AMD Ryzen 9 3900X Review


Value and Conclusion

  • The AMD Ryzen 9 3900X retails for $500.
  • 12-Cores, 24-Threads in a desktop platform!
  • Beats Core i9-9900K conclusively in multi-threaded applications
  • Gaming performance significantly improved, 10% over previous generation
  • Outstanding multi-threaded power efficiency
  • Unlocked multiplier
  • Supports existing AM4 motherboards
  • Much bigger L3 cache, lots of other architectural improvements
  • Improved memory support
  • Heatsink included
  • Support for PCI-Express 4.0
  • Still not as fast as Intel in gaming
  • No integrated graphics
AMD's new Zen 2 family of processors starts a new era in CPU technology by introducing the chiplet design made up of several optimized pieces of silicon that are designed to excel at their tasks, while reducing cost significantly at the same time. Instead of a large monolithic die, AMD broke their CPU up into multiple parts that are easier and cheaper to manufacture because of their smaller die size. In silicon manufacturing, a bigger die is harder to make because chances of randomly distributed defects ending up in your silicon go up the bigger the die. AMD was also wise to keep the I/O controller die on the 12 nanometer process because it doesn't benefit from 7 nanometer tech, and they can continue using GlobalFoundries for that instead of the more expensive TSMC fabs.

Ryzen 9 3900X is the most powerful AMD processor launching today. It features an amazing 12 cores and 24 threads, which is unheard of in a mainstream desktop platform. I'm sure Intel would still be selling up overpriced quad-core processors if it weren't for AMD Ryzen. Later this year, AMD will even release the 16-core / 32-thread Ryzen 9 3950X, which will work on the same AM4 platform, too. Looking at our performance testing, we see the Ryzen 9 3900X beat Intel's Core i9-9900K in applications with a 13% lead. Our mix of applications includes tests that are highly threaded, somewhat threaded, and single threaded. If you focus only on higher-threaded applications, that lead would be even bigger. Still, the Ryzen 9 3900X does fall behind a bit in single-threaded application, like Microsoft Office and Adobe Photoshop, because Intel still has the higher single-threaded performance, mostly thanks to their much higher boost clock speeds on premium parts.

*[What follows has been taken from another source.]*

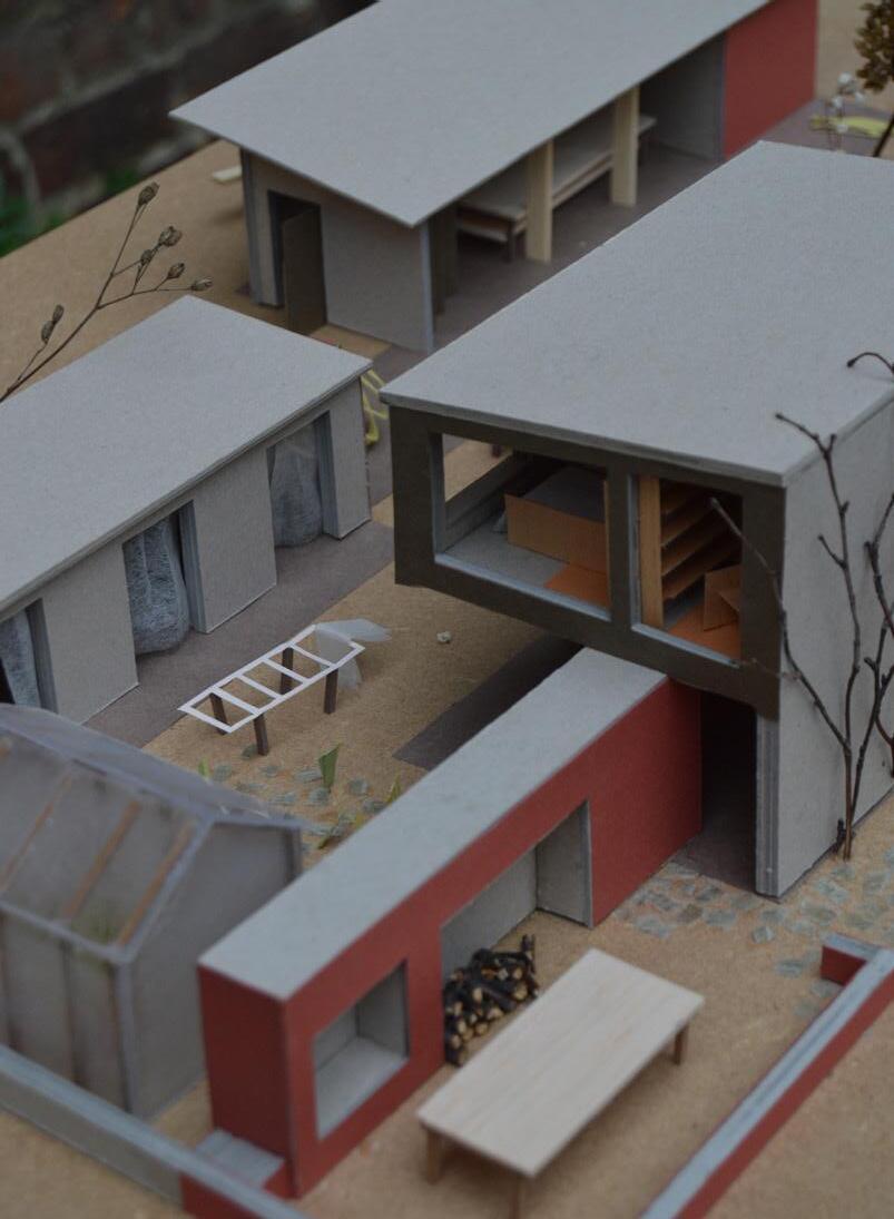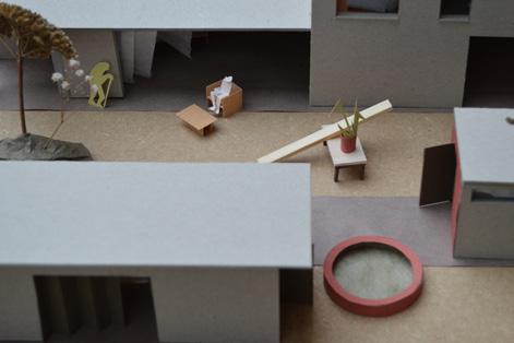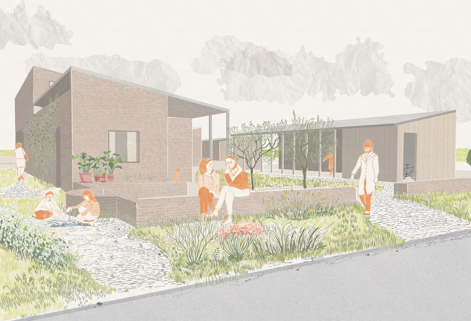By questioning: how the enclosure could gather neighbors instead of being a privative boundary? We investigate how hospitality could take place in a suburban housing estate. In Krainem, east of Brussels, the fields are meeting the last fragments of the city through individual housings, supermarkets, or other parking. First with urban rules implemented in the whole housing area (bocage, wall, and haha) and then directly from the home unit with shared services such as common laundry, bike shelters, vegetable gardens, green housings, and barbecue. The shared spaces could be used by all the inhabitants such as a workshop building. The back and front of the houses are blurred, and the gardens create continuity from the street to the fields as well as providing intimacy between the different housing units.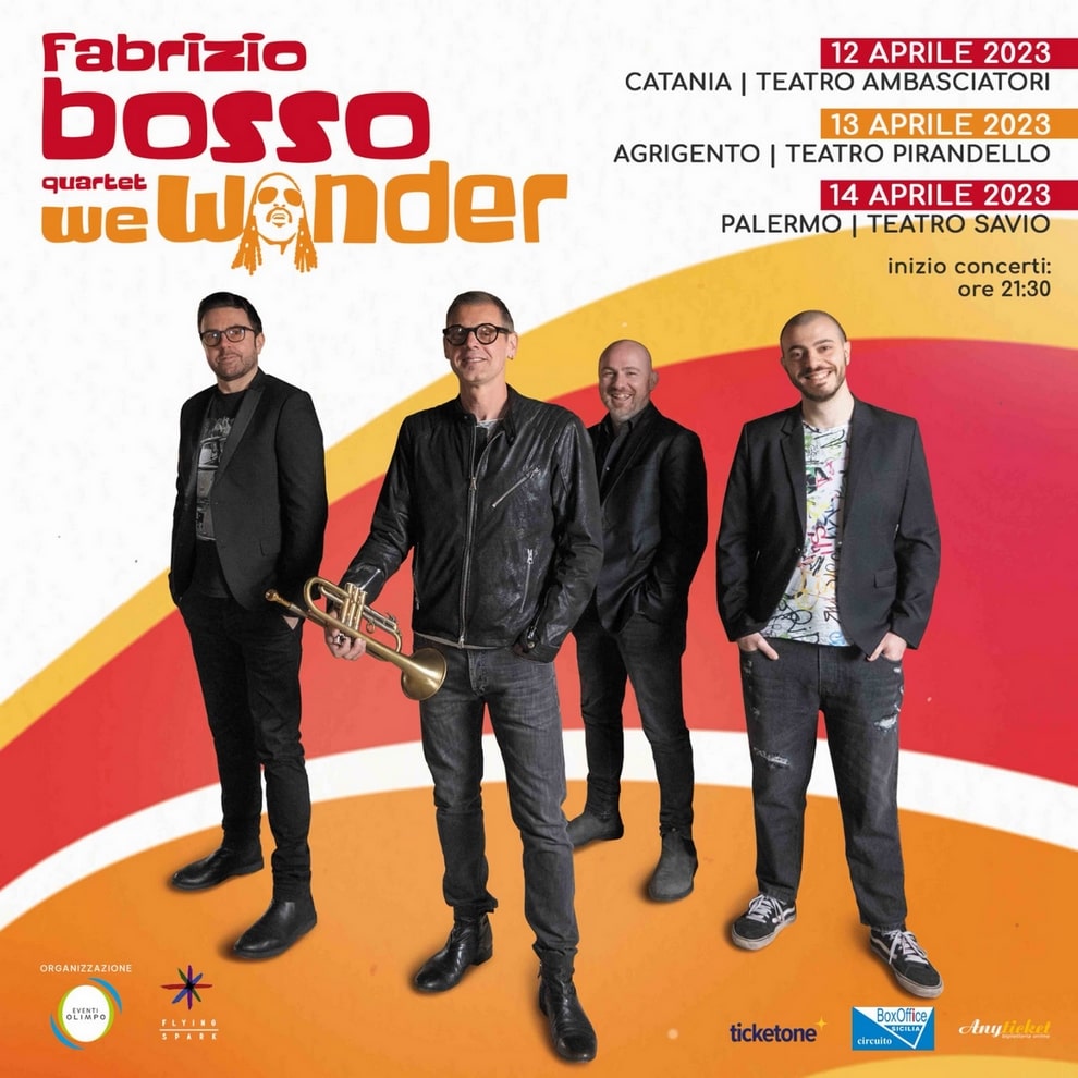 Fabrizio Bosso Quartet in Sicilia con tre imperdibili date organizzate da Eventi Olimpo. Il 12 aprile al Teatro Ambasciatori di Catania, biglietti in vendita su TicketOne (https://bit.ly/3RmfCgA).Il 13 aprile al Teatro Pirandello di Agrigento, biglietti in vendita su Anyticket (https://bit.ly/3kWTFZk).Il 14 aprile al Teatro Savio di Palermo, biglietti in vendita su TicketOne (https://bit.ly/3HMDMxC).L’acquisto è inoltre possibile presso il botteghino dei teatri. Inizio spettacoli ore 21.30.

When looking at gaming, our results confirm that AMD has caught up big time here, too, and the performance differences are much smaller. At higher resolutions like 1440p and 4K, the gap is pretty much non-existent, and parity with Intel has been reached. However, you probably don't even need such a fast CPU for gaming at these resolutions as even the Intel Core i5 processors deliver almost identical frame rates here. I expect the same will be true for AMD's Ryzen 5 3600/3600X we'll be reviewing very soon. The king of the hill for gaming performance is still the Core i9-9900K, though, and this becomes apparent at the resolution of 720p, which completely removes the GPU bottleneck and puts CPU performance under a microscope. Here, both the Intel Core i7-9700K and Core i9-9900 have a lead of about 10%, though pretty much only because their processors run at higher clock frequencies.

Overclocking the Ryzen 9 3900X proved difficult because its heat output is so high. Even with a 240 mm all-in-one water cooler, we couldn't even get close to what it can do. We had to lower our voltage over and over again to keep it from overheating when fully loaded on all cores. In the end, our maximum overclock of 4 GHz is disappointing compared to what (low-threaded) boosts we would see from even the stock processor. Of course, if you run highly threaded applications all day and the CPU is 100% loaded, manual overclocking can provide some benefits, but for everybody else, it simply makes most sense to overclock using PBO, which keeps the heat output low enough for the stock heatsink to handle it, and it also provides the much needed boost clocks for low-threaded workloads.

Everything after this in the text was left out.